Very good thread!
I will use this formula later for my tests.
A thing i really feel to be considered in calculating efficiency is standard deviation from the average.
A deck with lower standard deviation has a more reliable behaviour and can be confronted with later tests.
Variance also points out if the data of the test are stable or it require further analisis.
I can provide data for the deck about TTW, win rate, EM rate and gain before spins.
Anyway all these data can be mined from a tester if he keeps the data comma separated like:
turns, gain
10,16
9,40
7,17
Then it's easy to import the data in excel and do the math.
I'd consider also the turns to loss, most when dealing against FG; some decks can drag out for 30 turns before losing, or others just see the odds aren't right and surrender the first turns.
As for the standard deviation, I'm working on a little update, I could as well put it, but, IMHO, it's not that needed and could, as well, confuse someone.
As for the TTL, I felt the need for it for a little time, it could be implemented but:
1.I'm following CG's formulas, I can't deviate from it too much, even though CG itself said it wouldn't be too hard to insert TTL;
2.TTL isn't really relevant, mainly because we're not for FG, the biggest differences would be for Plat, whom is filled with Skips for certain decks.
However, calculating the TTW even when you lose basically fixs it up.
What happens when we enter TTL in the TTW slot when we lose?

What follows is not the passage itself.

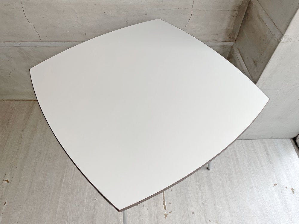 曲線を描く天板とスチール脚の組み合わせられた、ミッドセンチュリー家具とも相性の良さそうなデザインのテーブルです。

Let's say we have a 75% WR, a 10 TTW and a 2 TTL. If we simulated 100 games, we'll be having, ideally, 75 games with 10 TTW, e 25 with a 2 TTL. If we average those we obtain a 8 TTF (Turn To Finish) on average.
Now let's try using 8 TTW as an average and then try calculating it with 10 TTW e 2 TTL.
The gain from win is ALWAYS 30, and the cost is 15. There are no spins, no special spins and no variation in the gain, neither from the HPs nor the opponent, not even EM.
Let's say that we're playing awesomely fast, 4,5 seconds per turn, 800 TPH. This way, we won't have to calculate TPH in the formula, because 100 games are exactly 1 hour.
Now, take the 75 games, multply for 30, we get 2250. Those were the electrums gained.
Now take the 25 games lost, multiply for -15, we get -375, the amout of electrums gained (and, because it is negative, the amount of electrums lost).
2250-375=1875 Electrums.
Given that the 75 games have a 10 TTW average, it is a total of 750 turns, while the losses are 50 turns. 800 turns at a 800 TPH are exactly 1 hour of gaming.
Said this, the UEI is 1875 Electrum/Hour, using TTW and TTL.
What happens if we use 8 as an average TTF?
100*8=800 turns at an 800 TPH is exactly 1 hour of gaming.
1875 Electrum/Hour, isn't that exactly the same? This works because we're not barely averaging TTW with TTL, but we took the amount of games won and lost.